References in the specification to “one implementation,” “an implementation,” “an example implementation,” etc., indicate that the implementation described may include a particular feature, structure, or characteristic, but every implementation may not necessarily include the particular feature, structure, or characteristic. Moreover, such phrases are not necessarily referring to the same implementation. Further, when a particular feature, structure, and/or characteristic is described in connection with an implementation, one skilled in the art would know to affect such feature, structure, and/or characteristic in connection with other implementations whether or not explicitly described.
For example, the figure(s) illustrating flow diagrams sometimes refer to the figure(s) illustrating block diagrams, and vice versa. Whether or not explicitly described, the alternative implementations discussed with reference to the figure(s) illustrating block diagrams also apply to the implementations discussed with reference to the figure(s) illustrating flow diagrams, and vice versa. At the same time, the scope of this description includes implementations, other than those discussed with reference to the block diagrams, for performing the flow diagrams, and vice versa.
Bracketed text and blocks with dashed borders (e.g., large dashes, small dashes, dot-dash, and dots) may be used herein to illustrate optional operations and/or structures that add additional features to some implementations.

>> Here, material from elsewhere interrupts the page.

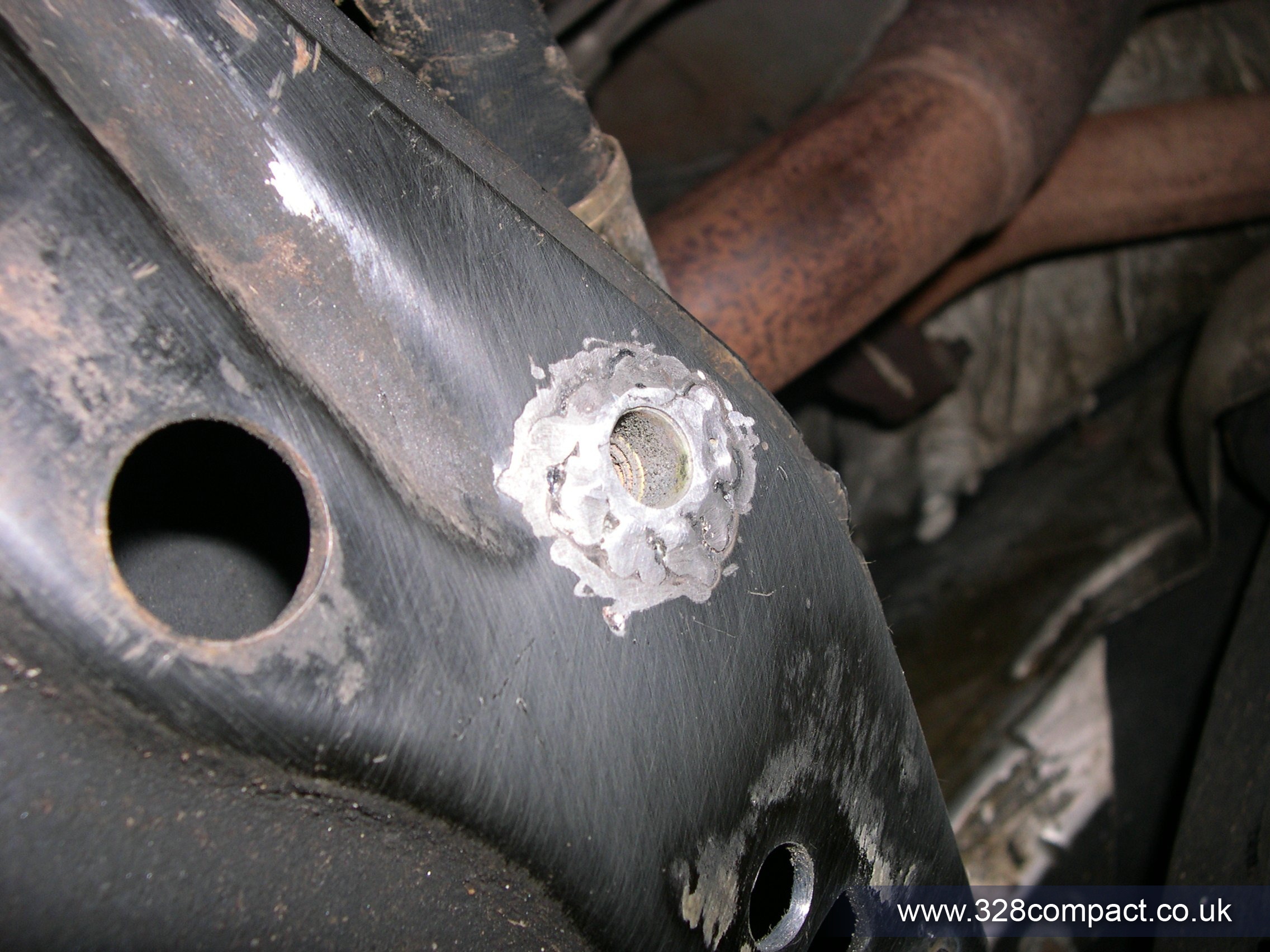 Well it didn’t quite work out like that. Before going at my subframe I thought I’d do a test run on some scrap metal. After making the hole exactly the right size and hammer in the riv nut it was not possible to compress the nut into place. The riv nut would just spin and not lock in place.

However, such notation should not be taken to mean that these are the only options or optional operations, and/or that blocks with solid borders are not optional in certain implementations.

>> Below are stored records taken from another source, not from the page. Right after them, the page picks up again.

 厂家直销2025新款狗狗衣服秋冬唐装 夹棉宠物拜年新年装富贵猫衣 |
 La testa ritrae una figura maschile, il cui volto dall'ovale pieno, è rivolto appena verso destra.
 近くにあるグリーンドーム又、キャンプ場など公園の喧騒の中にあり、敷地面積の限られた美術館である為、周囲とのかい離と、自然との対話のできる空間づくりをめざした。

The detailed description and claims may use the term “coupled,” along with its derivatives. “Coupled” is used to indicate that two or more elements, which may or may not be in direct physical or electrical contact with each other, co-operate or interact with each other.
While the flow diagrams in the figures show a particular order of operations performed by certain implementations, such order is exemplary and not limiting (e.g., alternative implementations may perform the operations in a different order, combine certain operations, perform certain operations in parallel, overlap performance of certain operations such that they are partially in parallel, etc.).
While the above description includes several example implementations, the invention is not limited to the implementations described and can be practiced with modification and alteration within the spirit and scope of the appended claims. The description is thus illustrative instead of limiting.